**WHAT YOU ARE ASKED TO DO**
Take the lines below between the one holding "Tighten bolts 8, 9, 10" and the one holding "Comet. Red oval", inclusive, and copy them exactly. Add nothing.

**LISTED ENTRIES**
+---+
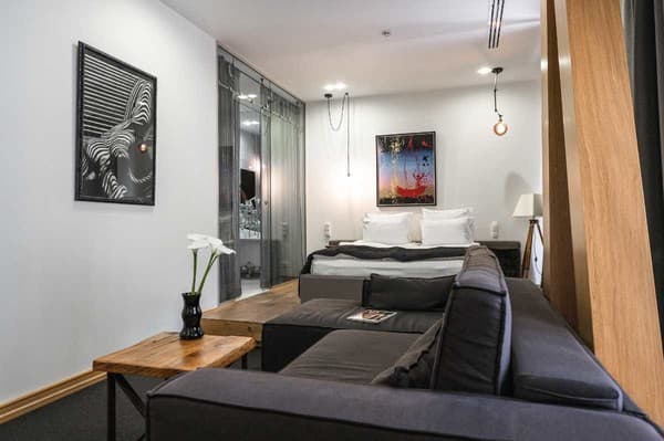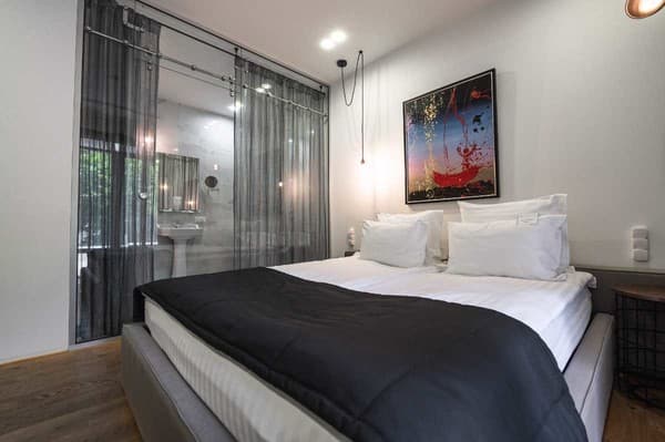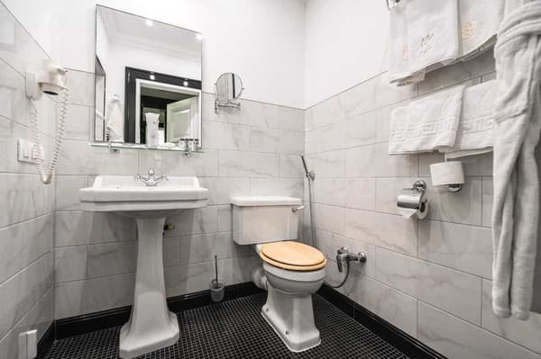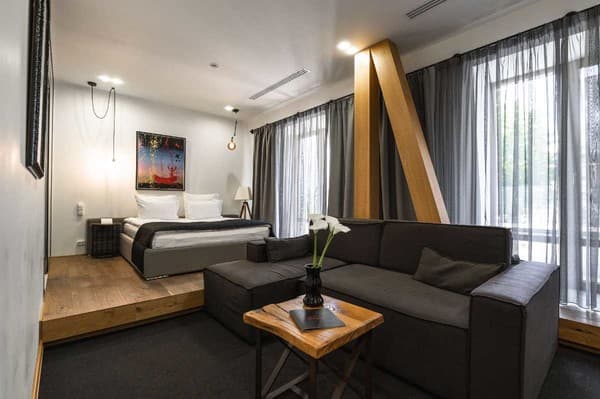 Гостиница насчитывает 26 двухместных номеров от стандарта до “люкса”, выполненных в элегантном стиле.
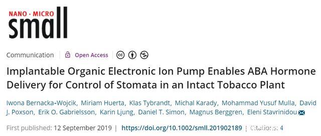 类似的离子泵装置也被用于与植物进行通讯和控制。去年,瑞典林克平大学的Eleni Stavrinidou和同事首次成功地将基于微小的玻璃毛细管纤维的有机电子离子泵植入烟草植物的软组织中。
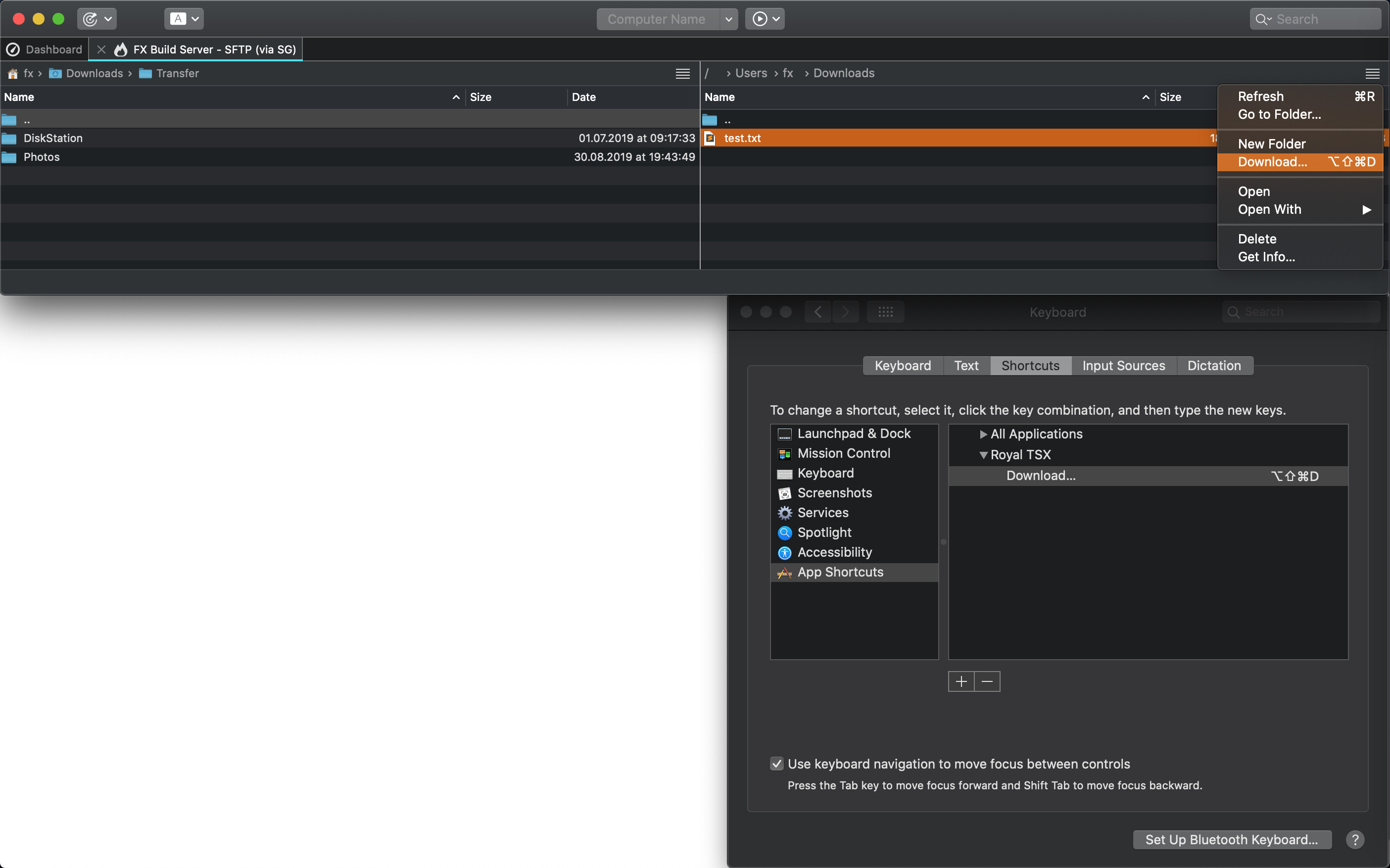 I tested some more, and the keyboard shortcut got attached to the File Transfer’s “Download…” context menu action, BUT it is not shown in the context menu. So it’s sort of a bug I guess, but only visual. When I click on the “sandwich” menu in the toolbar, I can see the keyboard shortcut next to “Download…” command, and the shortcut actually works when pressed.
+---+
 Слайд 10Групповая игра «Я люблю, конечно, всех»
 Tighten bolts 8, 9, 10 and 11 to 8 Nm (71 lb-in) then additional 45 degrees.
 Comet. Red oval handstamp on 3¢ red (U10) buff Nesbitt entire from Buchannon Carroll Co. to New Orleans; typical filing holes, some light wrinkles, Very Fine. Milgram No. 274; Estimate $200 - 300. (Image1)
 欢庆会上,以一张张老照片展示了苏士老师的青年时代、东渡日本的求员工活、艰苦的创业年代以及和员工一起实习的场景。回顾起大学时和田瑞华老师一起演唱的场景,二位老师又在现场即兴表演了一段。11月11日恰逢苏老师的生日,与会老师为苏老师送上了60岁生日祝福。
+---+
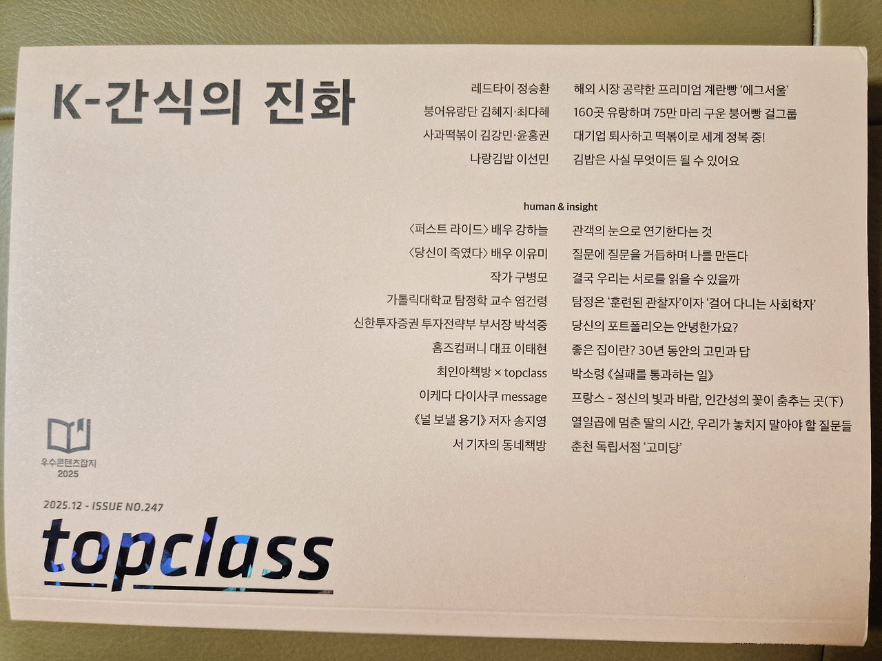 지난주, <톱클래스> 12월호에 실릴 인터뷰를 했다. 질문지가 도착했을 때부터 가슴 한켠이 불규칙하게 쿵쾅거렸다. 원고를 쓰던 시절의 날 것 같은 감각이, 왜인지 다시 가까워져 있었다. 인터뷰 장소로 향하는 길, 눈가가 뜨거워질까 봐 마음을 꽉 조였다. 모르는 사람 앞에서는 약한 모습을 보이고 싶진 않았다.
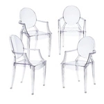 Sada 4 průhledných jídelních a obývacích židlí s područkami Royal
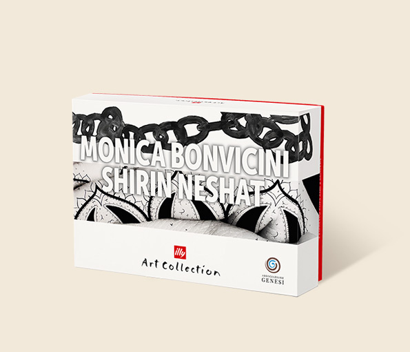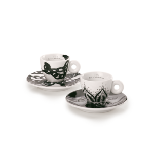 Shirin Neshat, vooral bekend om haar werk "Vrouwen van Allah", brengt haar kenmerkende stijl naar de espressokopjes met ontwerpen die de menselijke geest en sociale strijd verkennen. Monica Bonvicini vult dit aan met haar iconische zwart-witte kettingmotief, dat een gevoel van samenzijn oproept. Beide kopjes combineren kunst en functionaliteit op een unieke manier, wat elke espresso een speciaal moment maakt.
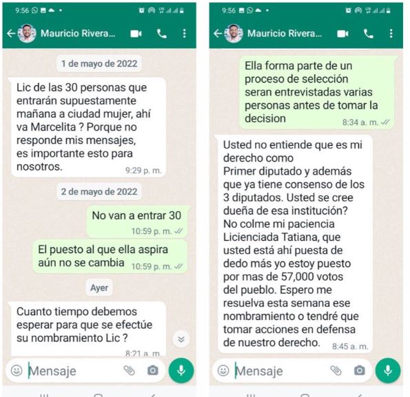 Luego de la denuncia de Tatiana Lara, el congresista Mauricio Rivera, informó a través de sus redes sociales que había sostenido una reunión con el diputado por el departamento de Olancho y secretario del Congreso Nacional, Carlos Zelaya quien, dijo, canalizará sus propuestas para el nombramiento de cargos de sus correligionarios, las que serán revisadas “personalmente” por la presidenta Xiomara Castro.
+---+
**ANSWER TO THIS PROBLEM**
 Tighten bolts 8, 9, 10 and 11 to 8 Nm (71 lb-in) then additional 45 degrees.
 Comet. Red oval handstamp on 3¢ red (U10) buff Nesbitt entire from Buchannon Carroll Co. to New Orleans; typical filing holes, some light wrinkles, Very Fine. Milgram No. 274; Estimate $200 - 300. (Image1)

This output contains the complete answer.